# EXERCISE REQUIREMENTS:
Please repeat the lines below exactly. Begin with the line containing "Start with asset" and go on through the line containing "Turkish Speedwell in bloom".

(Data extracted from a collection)
==============================
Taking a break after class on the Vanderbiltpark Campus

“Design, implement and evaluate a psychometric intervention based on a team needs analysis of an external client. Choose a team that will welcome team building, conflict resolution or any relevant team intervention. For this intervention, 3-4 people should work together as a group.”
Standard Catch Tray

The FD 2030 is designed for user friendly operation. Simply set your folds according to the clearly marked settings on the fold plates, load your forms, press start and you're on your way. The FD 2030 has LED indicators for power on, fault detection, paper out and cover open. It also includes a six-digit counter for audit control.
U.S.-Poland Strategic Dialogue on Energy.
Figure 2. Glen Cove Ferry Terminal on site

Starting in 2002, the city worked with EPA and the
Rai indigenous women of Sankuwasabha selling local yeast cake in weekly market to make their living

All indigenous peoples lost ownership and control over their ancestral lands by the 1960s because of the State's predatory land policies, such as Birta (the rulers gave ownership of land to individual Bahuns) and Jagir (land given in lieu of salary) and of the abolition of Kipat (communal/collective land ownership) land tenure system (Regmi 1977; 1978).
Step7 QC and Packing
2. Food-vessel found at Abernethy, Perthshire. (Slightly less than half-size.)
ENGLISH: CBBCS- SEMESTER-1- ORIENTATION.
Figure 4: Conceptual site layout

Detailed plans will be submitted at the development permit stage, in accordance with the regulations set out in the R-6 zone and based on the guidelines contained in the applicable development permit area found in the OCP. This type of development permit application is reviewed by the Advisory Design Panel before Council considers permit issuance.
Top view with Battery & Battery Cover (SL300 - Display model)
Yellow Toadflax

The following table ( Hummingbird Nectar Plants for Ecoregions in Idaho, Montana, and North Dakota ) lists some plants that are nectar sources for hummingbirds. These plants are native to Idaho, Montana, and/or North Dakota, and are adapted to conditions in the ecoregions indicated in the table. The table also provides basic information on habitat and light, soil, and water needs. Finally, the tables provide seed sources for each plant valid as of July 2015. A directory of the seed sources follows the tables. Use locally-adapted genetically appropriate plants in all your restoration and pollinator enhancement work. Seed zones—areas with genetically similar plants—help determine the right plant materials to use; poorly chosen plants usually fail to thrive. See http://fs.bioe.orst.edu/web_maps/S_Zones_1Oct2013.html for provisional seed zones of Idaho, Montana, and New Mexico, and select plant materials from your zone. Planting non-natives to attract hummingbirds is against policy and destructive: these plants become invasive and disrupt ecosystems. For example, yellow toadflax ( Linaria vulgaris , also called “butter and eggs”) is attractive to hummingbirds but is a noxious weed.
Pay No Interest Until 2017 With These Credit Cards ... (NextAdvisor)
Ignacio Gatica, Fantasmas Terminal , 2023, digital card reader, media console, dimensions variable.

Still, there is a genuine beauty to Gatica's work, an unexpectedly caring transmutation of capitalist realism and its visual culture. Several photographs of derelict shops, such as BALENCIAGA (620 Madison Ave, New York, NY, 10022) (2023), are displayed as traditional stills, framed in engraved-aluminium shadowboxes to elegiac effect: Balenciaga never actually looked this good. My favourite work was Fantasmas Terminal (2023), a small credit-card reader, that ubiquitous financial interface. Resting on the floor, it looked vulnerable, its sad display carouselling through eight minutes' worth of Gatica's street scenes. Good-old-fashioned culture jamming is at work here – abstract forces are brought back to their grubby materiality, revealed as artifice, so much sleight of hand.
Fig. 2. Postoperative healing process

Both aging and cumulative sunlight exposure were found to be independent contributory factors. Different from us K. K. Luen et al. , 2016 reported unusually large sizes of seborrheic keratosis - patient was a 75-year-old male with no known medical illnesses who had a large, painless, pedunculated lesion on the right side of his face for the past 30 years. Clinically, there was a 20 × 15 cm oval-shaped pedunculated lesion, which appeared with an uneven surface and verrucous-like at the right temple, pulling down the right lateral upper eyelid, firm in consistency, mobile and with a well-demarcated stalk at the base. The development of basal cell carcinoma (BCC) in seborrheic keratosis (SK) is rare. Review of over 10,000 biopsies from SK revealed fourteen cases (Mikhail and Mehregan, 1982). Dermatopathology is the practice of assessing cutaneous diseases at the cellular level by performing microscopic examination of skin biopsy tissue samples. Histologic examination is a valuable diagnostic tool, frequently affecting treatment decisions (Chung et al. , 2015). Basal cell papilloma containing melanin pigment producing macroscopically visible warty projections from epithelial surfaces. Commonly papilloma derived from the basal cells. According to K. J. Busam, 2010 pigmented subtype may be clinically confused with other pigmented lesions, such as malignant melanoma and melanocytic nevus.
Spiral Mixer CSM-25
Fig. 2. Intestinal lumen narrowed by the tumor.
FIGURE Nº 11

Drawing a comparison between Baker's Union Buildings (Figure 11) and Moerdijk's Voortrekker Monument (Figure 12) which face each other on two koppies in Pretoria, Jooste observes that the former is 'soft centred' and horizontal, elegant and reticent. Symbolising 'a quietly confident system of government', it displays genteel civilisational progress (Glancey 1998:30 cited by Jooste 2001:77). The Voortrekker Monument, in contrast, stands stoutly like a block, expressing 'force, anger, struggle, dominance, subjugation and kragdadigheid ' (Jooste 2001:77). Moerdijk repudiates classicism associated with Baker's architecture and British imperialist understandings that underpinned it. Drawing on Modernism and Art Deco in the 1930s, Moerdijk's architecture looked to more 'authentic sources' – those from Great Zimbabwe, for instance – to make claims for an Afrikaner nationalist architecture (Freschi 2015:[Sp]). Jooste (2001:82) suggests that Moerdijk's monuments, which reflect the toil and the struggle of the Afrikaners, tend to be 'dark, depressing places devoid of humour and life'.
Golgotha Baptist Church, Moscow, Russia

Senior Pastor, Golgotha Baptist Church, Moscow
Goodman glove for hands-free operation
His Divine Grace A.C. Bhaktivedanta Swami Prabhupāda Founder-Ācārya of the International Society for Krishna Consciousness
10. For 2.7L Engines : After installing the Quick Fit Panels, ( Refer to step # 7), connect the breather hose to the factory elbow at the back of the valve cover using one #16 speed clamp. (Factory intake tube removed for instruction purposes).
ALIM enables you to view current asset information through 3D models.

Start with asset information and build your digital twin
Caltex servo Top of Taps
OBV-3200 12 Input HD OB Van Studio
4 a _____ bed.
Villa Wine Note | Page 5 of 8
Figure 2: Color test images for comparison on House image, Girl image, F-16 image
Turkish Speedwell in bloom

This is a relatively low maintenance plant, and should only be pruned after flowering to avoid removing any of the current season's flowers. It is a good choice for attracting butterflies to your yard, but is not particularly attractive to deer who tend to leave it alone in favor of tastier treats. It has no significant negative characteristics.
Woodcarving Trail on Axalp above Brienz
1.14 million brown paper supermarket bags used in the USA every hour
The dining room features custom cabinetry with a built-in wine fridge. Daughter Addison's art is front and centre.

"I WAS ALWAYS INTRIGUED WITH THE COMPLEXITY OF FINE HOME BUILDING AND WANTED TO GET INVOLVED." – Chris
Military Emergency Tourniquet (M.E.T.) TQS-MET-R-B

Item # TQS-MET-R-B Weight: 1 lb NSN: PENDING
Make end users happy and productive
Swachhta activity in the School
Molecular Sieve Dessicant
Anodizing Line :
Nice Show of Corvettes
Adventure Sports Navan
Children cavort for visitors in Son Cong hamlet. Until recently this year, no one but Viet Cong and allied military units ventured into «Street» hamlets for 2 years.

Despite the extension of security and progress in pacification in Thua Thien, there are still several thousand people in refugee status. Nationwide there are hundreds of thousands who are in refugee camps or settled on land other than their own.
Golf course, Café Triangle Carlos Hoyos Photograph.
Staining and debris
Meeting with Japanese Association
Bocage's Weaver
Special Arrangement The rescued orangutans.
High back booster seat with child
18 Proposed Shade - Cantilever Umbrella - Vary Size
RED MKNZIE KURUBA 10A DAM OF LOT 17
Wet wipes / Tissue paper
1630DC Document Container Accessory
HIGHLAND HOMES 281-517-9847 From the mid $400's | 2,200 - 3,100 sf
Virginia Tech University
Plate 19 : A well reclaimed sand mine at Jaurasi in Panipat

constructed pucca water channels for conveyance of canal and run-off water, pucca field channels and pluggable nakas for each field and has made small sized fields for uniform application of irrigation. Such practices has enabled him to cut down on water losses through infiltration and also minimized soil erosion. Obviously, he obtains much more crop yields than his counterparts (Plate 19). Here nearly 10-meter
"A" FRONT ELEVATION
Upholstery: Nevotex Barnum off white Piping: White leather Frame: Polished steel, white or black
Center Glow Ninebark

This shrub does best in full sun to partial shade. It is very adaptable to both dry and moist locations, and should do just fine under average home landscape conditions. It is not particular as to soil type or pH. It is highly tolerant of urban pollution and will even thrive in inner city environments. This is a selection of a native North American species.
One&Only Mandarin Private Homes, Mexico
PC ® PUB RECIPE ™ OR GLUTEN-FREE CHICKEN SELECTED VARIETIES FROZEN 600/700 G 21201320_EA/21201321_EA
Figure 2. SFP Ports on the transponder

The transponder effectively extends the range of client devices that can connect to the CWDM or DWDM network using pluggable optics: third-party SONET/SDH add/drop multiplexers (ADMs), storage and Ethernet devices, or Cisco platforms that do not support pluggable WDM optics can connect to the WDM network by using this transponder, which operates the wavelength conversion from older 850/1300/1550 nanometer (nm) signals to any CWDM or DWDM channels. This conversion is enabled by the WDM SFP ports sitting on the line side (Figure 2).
==============================
# ANSWER SPACE:
Start with asset information and build your digital twin
Caltex servo Top of Taps
OBV-3200 12 Input HD OB Van Studio
4 a _____ bed.
Villa Wine Note | Page 5 of 8
Figure 2: Color test images for comparison on House image, Girl image, F-16 image
Turkish Speedwell in bloom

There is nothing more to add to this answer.